═══ STUDY MATERIAL ═══

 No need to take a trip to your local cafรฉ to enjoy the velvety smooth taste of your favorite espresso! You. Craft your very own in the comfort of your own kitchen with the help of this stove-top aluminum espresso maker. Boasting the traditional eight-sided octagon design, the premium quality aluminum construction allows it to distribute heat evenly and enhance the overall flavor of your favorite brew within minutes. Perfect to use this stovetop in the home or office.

═══
═══ STUDY MATERIAL ═══

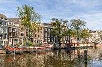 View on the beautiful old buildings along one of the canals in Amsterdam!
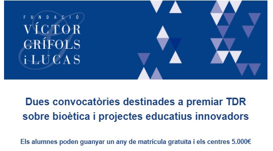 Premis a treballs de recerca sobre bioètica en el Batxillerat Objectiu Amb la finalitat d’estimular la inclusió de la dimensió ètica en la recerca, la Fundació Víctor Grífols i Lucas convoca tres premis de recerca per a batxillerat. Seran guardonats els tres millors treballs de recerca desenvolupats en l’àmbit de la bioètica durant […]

═══
═══ STUDY MATERIAL ═══

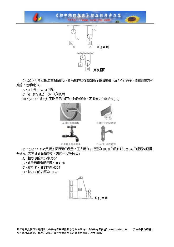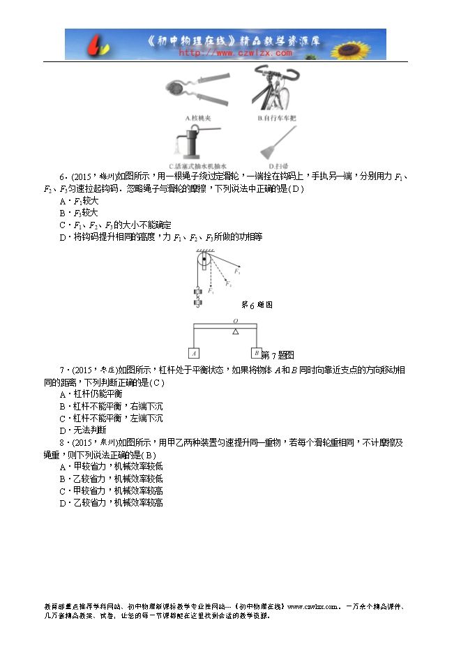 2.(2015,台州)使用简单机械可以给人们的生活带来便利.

═══

- [PROMPT]
When you reach the line holding "View on the" in the listing above, begin retyping exactly, and stop once the line holding "Premis a treballs" is done; pictures stay out.

- [TASK SOLUTION]
 View on the beautiful old buildings along one of the canals in Amsterdam!
 Premis a treballs de recerca sobre bioètica en el Batxillerat Objectiu Amb la finalitat d’estimular la inclusió de la dimensió ètica en la recerca, la Fundació Víctor Grífols i Lucas convoca tres premis de recerca per a batxillerat. Seran guardonats els tres millors treballs de recerca desenvolupats en l’àmbit de la bioètica durant […]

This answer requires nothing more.